# [Try it]
Restate word for word the lines of the entries below, starting with the line that holds "Prada Blue Saffiano" and ending with the line that holds "ze semiše Boty", and no others.

# [Material for the task]
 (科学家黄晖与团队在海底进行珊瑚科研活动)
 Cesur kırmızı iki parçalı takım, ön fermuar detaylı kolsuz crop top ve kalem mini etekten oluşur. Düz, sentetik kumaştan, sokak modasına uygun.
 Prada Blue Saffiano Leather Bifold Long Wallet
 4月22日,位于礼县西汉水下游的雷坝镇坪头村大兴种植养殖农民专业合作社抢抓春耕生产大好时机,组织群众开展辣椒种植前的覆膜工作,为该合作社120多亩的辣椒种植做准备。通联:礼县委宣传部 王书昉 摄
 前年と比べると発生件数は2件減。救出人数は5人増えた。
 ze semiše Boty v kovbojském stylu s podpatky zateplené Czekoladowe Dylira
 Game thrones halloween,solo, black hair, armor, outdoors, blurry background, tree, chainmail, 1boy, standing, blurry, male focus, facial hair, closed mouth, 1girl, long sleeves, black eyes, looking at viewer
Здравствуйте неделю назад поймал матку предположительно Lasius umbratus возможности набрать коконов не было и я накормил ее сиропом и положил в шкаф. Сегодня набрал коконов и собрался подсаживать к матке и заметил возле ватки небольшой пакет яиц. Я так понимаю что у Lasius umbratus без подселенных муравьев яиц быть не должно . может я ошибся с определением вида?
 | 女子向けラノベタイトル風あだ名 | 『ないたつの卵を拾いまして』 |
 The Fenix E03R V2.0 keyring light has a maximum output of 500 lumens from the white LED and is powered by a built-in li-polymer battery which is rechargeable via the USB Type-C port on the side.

* * *

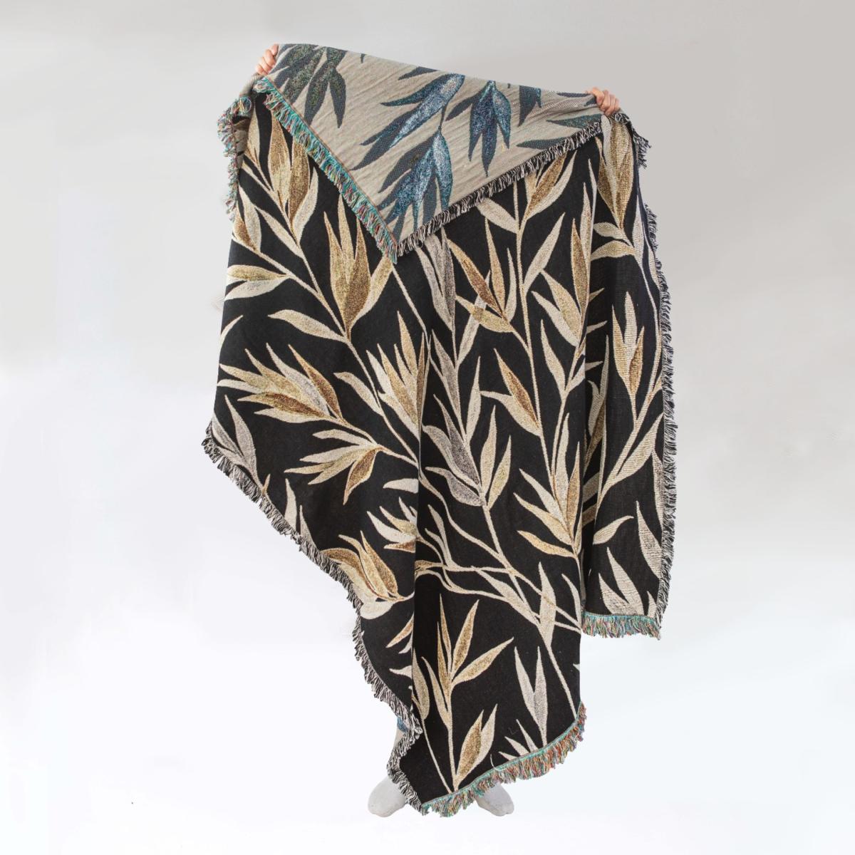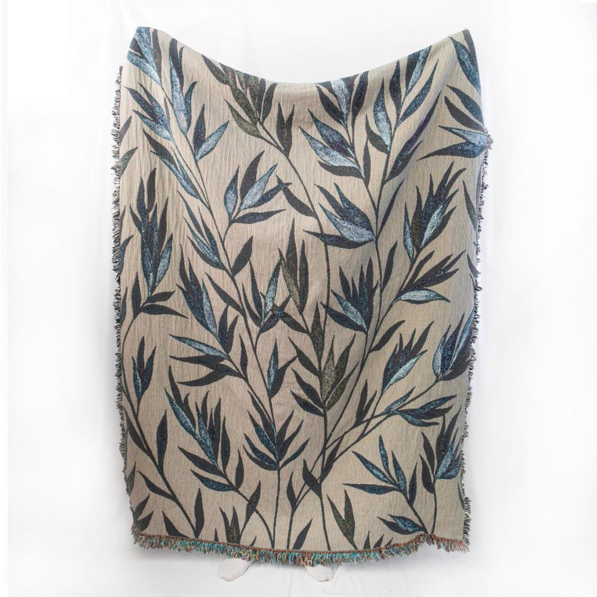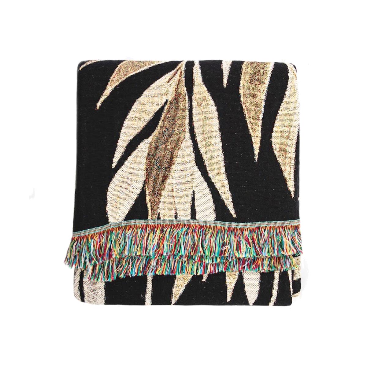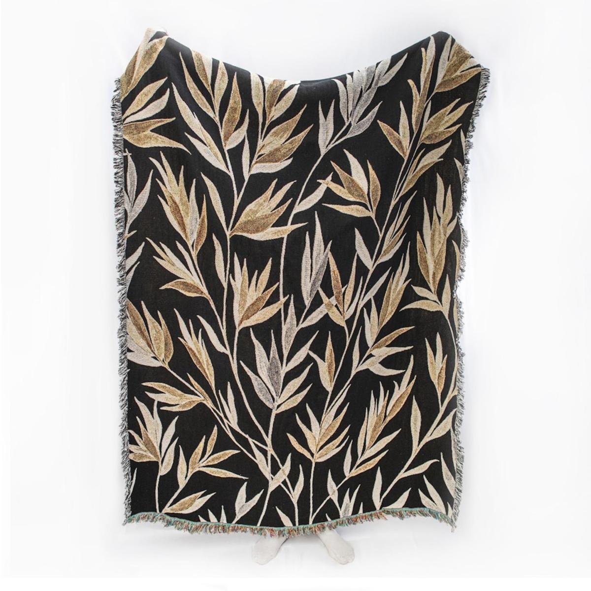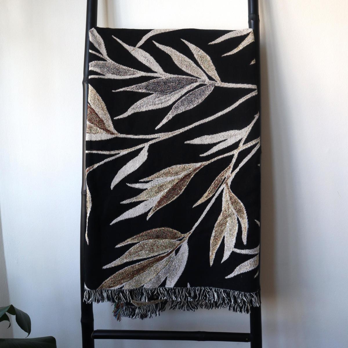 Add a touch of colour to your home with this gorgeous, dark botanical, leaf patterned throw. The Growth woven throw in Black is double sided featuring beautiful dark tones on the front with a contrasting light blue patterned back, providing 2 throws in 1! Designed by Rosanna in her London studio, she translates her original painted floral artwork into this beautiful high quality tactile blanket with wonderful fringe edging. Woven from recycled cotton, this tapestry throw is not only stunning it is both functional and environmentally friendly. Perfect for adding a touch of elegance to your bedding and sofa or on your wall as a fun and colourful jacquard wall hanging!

# [Solution]
 Prada Blue Saffiano Leather Bifold Long Wallet
 4月22日,位于礼县西汉水下游的雷坝镇坪头村大兴种植养殖农民专业合作社抢抓春耕生产大好时机,组织群众开展辣椒种植前的覆膜工作,为该合作社120多亩的辣椒种植做准备。通联:礼县委宣传部 王书昉 摄
 前年と比べると発生件数は2件減。救出人数は5人増えた。
 ze semiše Boty v kovbojském stylu s podpatky zateplené Czekoladowe Dylira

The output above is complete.